- [Dataset section]
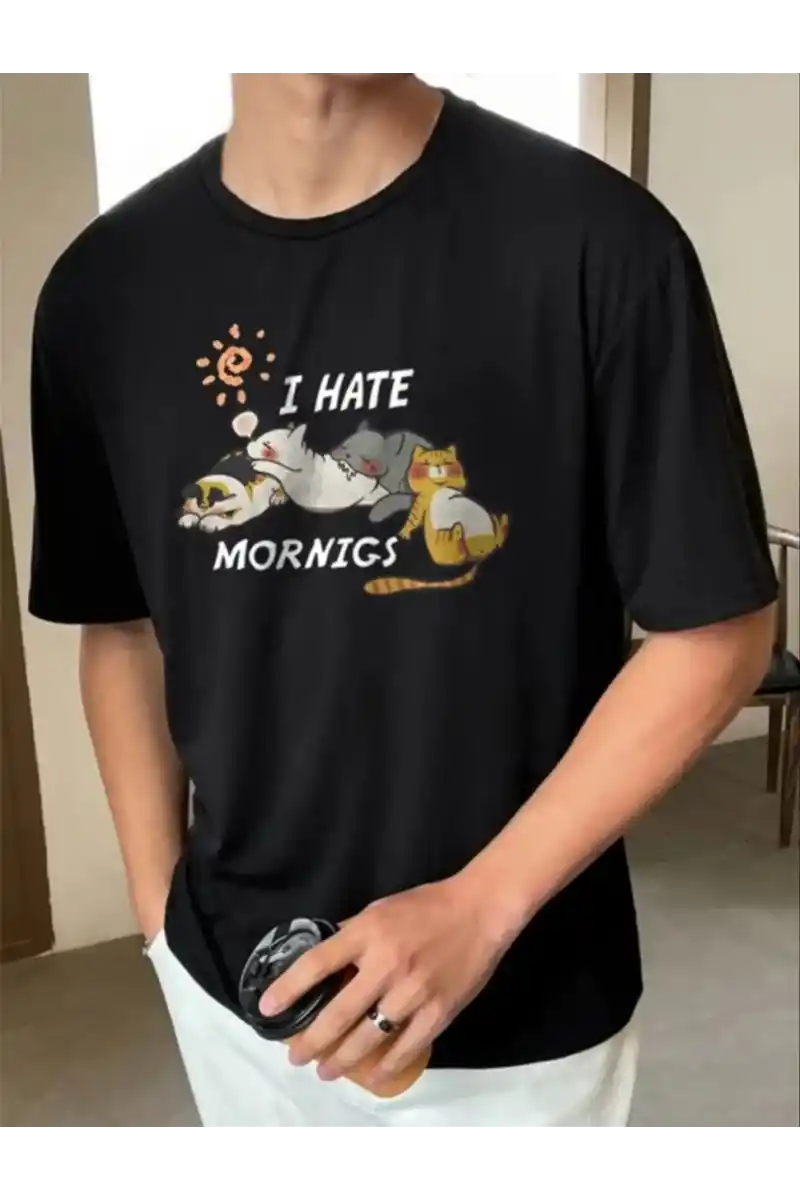 Unisex Baskılı Oversize T-Shirt - Siyah
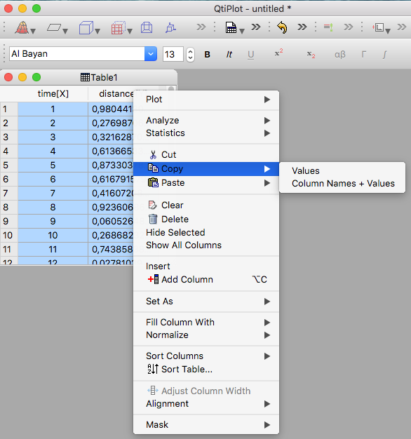 option from the pop-up menu! Copy/paste data text from and to Excel also available.
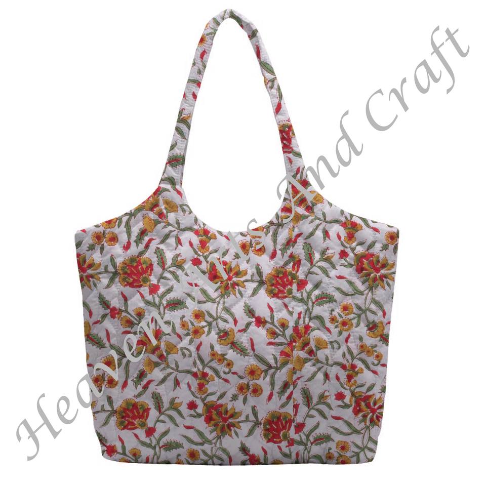 Handmade Indian Cotton Puffer Quilted Tote Bag Jhola Beach Quilted Bag With Hand Block Print Short Length For Shopping & Grocery

- [Assigned task] A word-for-word copy of the listing is the goal; keep every picture out of it.

- [Result of this task]
 Unisex Baskılı Oversize T-Shirt - Siyah
 option from the pop-up menu! Copy/paste data text from and to Excel also available.
 Handmade Indian Cotton Puffer Quilted Tote Bag Jhola Beach Quilted Bag With Hand Block Print Short Length For Shopping & Grocery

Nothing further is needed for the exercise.